Accepts numpy arrays, Spectrogram objects, or any object implementing __array__().
Parameters
- arrnumpy.typing.NDArray[numpy.float64] or Spectrogram
Input 2D array
Returns
- numpy.typing.NDArray[numpy.float64]
Shifted array with DC component at center
- spectrograms.ifftshift(arr)
Inverse of fftshift - shift center back to corners.
Accepts numpy arrays, Spectrogram objects, or any object implementing __array__().
Parameters
- arrnumpy.typing.NDArray[numpy.float64] or Spectrogram
Input 2D array
Returns
- numpy.typing.NDArray[numpy.float64]
Shifted array with DC component at corners
2D FFT Planner
- class spectrograms.Fft2dPlanner
Bases:
object2D FFT planner for efficient batch processing.
Caches FFT plans internally to avoid repeated setup overhead when processing multiple arrays with the same dimensions.
Examples
>>> import spectrograms as sg >>> import numpy as np >>> planner = sg.Fft2dPlanner() >>> for _ in range(10): ... image = np.random.randn(128, 128) ... spectrum = planner.fft2d(image)
Planner for efficient batch processing of 2D FFT operations.
Create a planner once and reuse it for multiple images of the same size to avoid repeated FFT plan computation overhead.
Example
import spectrograms as sg import numpy as np # Create planner planner = sg.Fft2dPlanner() # Process multiple images images = [np.random.randn(256, 256) for _ in range(10)] spectra = [planner.fft2d(img) for img in images]
Methods
- fft2d(data: numpy.typing.NDArray[numpy.float64]) numpy.typing.NDArray[numpy.complex64]
Compute 2D FFT using cached plan.
- Parameters:
data – Input 2D array
- Returns:
Complex frequency array
- ifft2d(spectrum: numpy.typing.NDArray[numpy.complex64], output_ncols: int) numpy.typing.NDArray[numpy.float64]
Compute inverse 2D FFT using cached plan.
- Parameters:
spectrum – Complex frequency array
output_ncols – Number of columns in output
- Returns:
Real 2D array
- power_spectrum_2d(data: numpy.typing.NDArray[numpy.float64]) numpy.typing.NDArray[numpy.float64]
Compute power spectrum using cached plan.
- Parameters:
data – Input 2D array
- Returns:
Power spectrum (squared magnitude)
- magnitude_spectrum_2d(data: numpy.typing.NDArray[numpy.float64]) numpy.typing.NDArray[numpy.float64]

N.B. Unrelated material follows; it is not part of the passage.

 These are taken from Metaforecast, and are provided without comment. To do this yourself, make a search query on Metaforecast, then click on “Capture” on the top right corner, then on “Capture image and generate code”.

Compute magnitude spectrum using cached plan.
- Parameters:
data – Input 2D array
- Returns:
Magnitude spectrum
- fft2d()
Compute 2D FFT using cached plans.
Parameters
- datanumpy.typing.NDArray[numpy.float64]

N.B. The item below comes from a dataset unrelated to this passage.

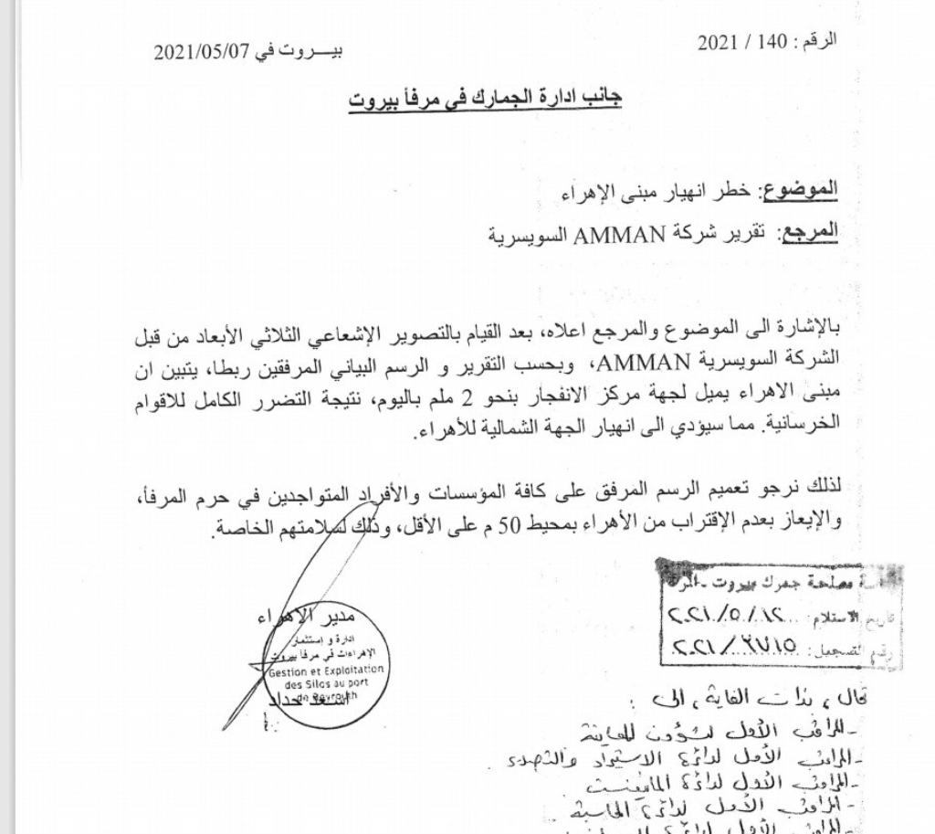 في تقرير حصلت عليه «الأخبار»، وجّهت شركة «AMMAN» السويسرية، إلى مديرية الجمارك، كتاباً حول «خطر انهيار مبنى الأَهراء»، مؤرّخاً في 7 أيار الماضي. وبحسب التقرير، فإن الشركة، و«بعد القيام بالتصوير الإشعاعي الثلاثي الأبعاد، تبيّن أن مبنى الأَهراء يميل لجهة مركز الانفجار بنحو 2 ملم في اليوم، نتيجة التضرر الكامل للأقوام الخرسانية، ما سيؤدي إلى انهيار الجهة الشمالية للأهراء». وطلب السويسريون من الدولة، «تعميم الرسم الذي يبيّن الميل على كلّ المؤسسات والأفراد المتواجدين في حرم المرفأ، والإيعاز بعدم الاقتراب من الأهراء بمحيط 50 متراً على الأقل، لسلامتهم الخاصة». فماذا فعلت الدولة؟

Input 2D array with shape (nrows, ncols)
Returns
- numpy.typing.NDArray[numpy.complex64]
Complex 2D array with shape (nrows, ncols/2 + 1)
- ifft2d()
Compute inverse 2D FFT using cached plans.
Parameters
- spectrumnumpy.typing.NDArray[numpy.complex64]
Complex frequency array
- output_ncolsint
Number of columns in output
Returns
- numpy.typing.NDArray[numpy.float64]
Real 2D array
- magnitude_spectrum_2d()
Compute 2D magnitude spectrum using cached plans.
- power_spectrum_2d()
Compute 2D power spectrum using cached plans.